Horizon Games

1 Executive Summary

This report presents the results of our engagement with Horizon Games to review the security of the Smart Contracts which make up their system, across 3 separate repositories.

The review was conducted over the course of two weeks, from February 10th to 21st by Daniel Luca and John Mardlin. Our primary point of contact at Horizon Games was Philippe Castonguay. A total of 20 person-days were spent one this work.

Although not reported on here, prior to this work, Steve Marx performed a preliminary review of the system on January 20th to confirm that would be ready for a full review.
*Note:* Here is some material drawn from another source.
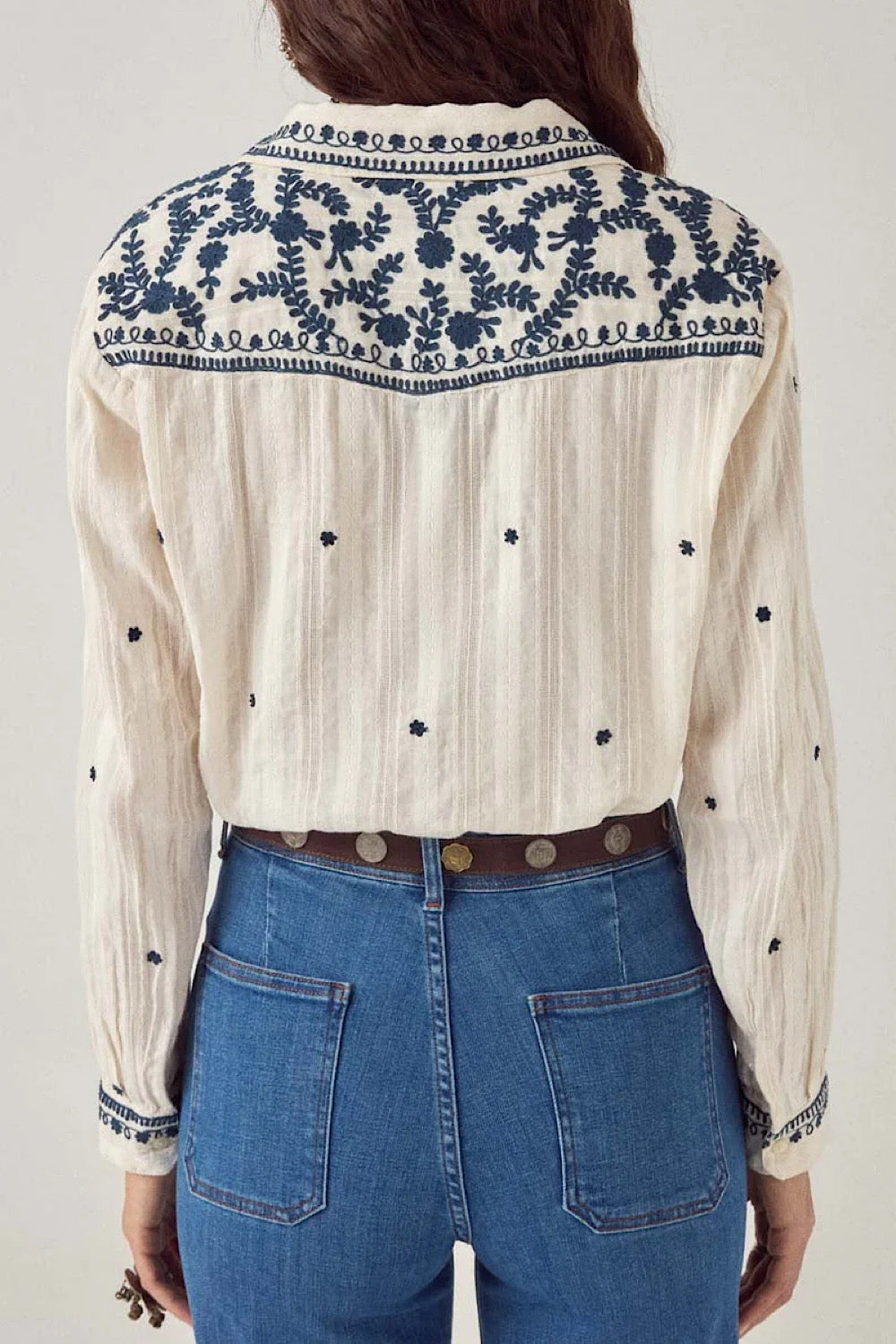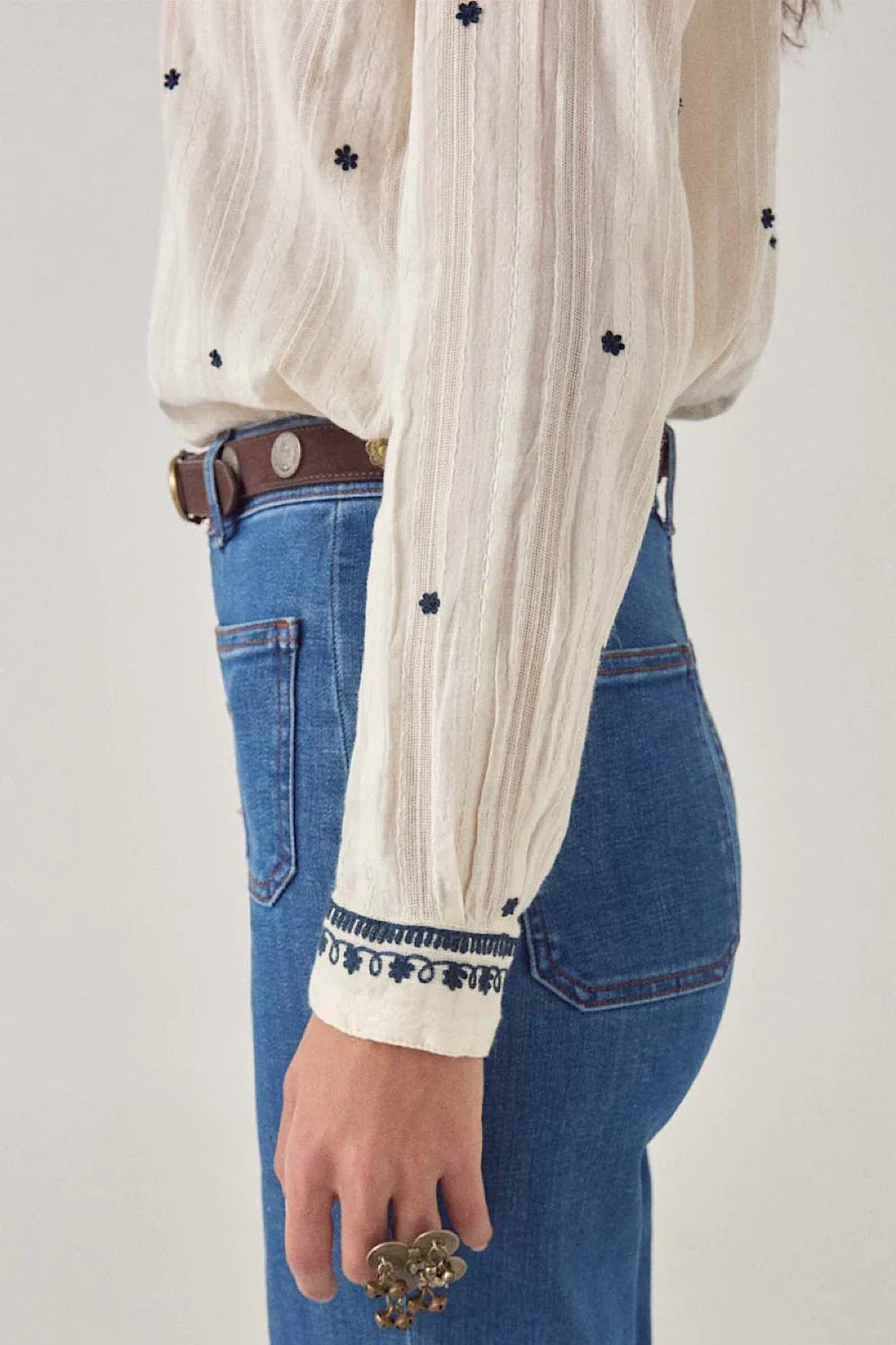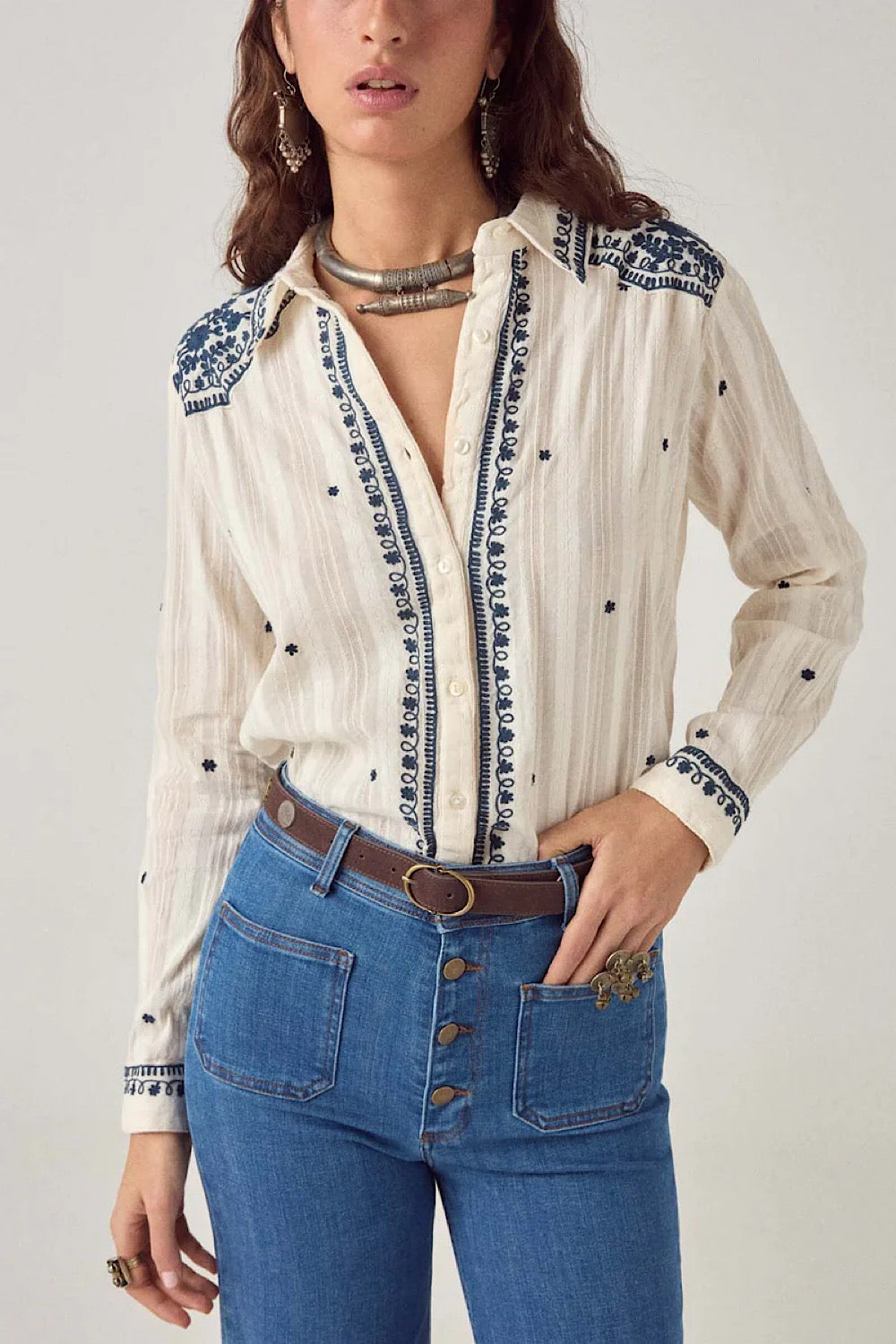 Una camisa de las que más nos encantan de Maison Hotel, 100% de algodón con detalle de bordado a contraste en un azul índigo que además de elegante favorece mucho.

We began the first week of the review speaking with Philippe, and reviewing the specifications in order to understand the design of the system. We simultaneously referred to the code, and asked questions in a dedicated chat channel setup for this engagement. During the first week we focused primarily on the various implementations of the ERC1155 token, which has several derived variants, with functionality such as Meta-transactions, minting and burning, wrapped ETH, and “packed balances”.

On Friday of the first week, and much of the second week, we shifted our focus towards the Niftyswap exchange, which implements an automated market maker model similar to Uniswap.

Our review identified only one potential issue (see section 7), which could potentially impact on external contracts using Niftyswap as a price oracle, and only in very specific circumstances.

1.1 Scope

Our review focused on the smart contracts in 3 repositories each at a specific commit.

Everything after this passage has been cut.